Notes H

forcats: for working with categorical variables

Author

EMW

Published

June 7, 2024

The R package forcats is designed to make working with categorical variables easier and more efficient. It provides a set of functions that allow you to manipulate and analyze categorical data with ease. In this lesson, we’ll cover the basics of the forcats package and some of its most useful functions.

Categorical Variables

Let’s review what categorical data is. Categorical data is a type of data that consists of categories or labels.

Examples of categorical data include:

  • Colors (red, blue, green, etc.)
  • Types of vehicles (sedan, SUV, truck)
  • Educational degrees (high school, college, graduate school)
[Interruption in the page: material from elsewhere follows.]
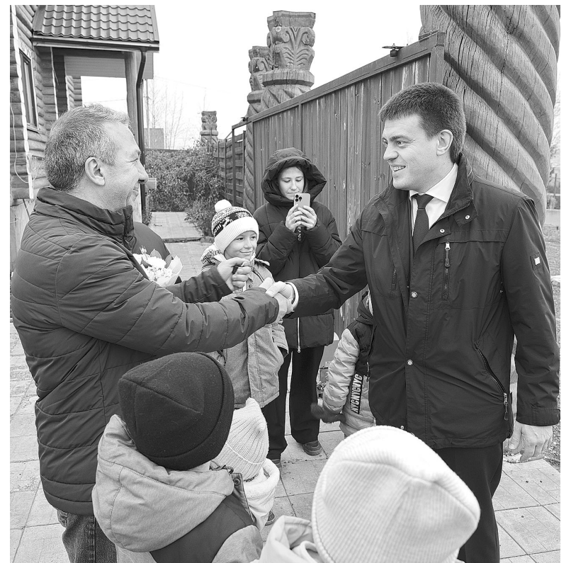
Михаил Котюков живо откликнулся на просьбу многодетной семьи.

— Когда дети машину в окно увидели, весь дом переполошился. Бежали, смотрели, какая она, какого цвета. Без ав-

Categorical data can be further divided into two types: nominal and ordinal. Nominal data consists of categories that have no inherent order, while ordinal data consists of categories that have a natural order. For example, educational degrees are ordinal data because they can be ordered from least to most advanced.

# load packages
library(tidyverse)
library(forcats)

Recall: portal Rodent Data

# load data
portal_rodent <- read.csv("https://github.com/weecology/PortalData/raw/main/Rodents/Portal_rodent.csv")
portal_species <- read.csv("https://raw.githubusercontent.com/weecology/PortalData/main/Rodents/Portal_rodent_species.csv")

Check out Kangaroo Rats!

There are 4 different kids of kangaroo rats in this dataset:

  • Merriam’s kangaroo rat (DM)
  • Ord’s kangaroo rat (DO)
  • Kangaroo rat (DX)
  • Banner-tailed kangaroo rat (DS)

Create a dataset called kangaroo_rat which has all the data on any kangaroo rats caught in Portal, AZ. You should display the time the rat was captured (year, month, day), the species scientific and common name, and the sex and hindfoot length.

kangaroo_rat <- portal_rodent %>% 
  filter(species %in% c("DM", "DO", "DX", "DS")) %>% 
  left_join(portal_species, by = c("species" = "speciescode")) %>% 
  select(year, month, day, species, scientificname, commonname, sex, hfl)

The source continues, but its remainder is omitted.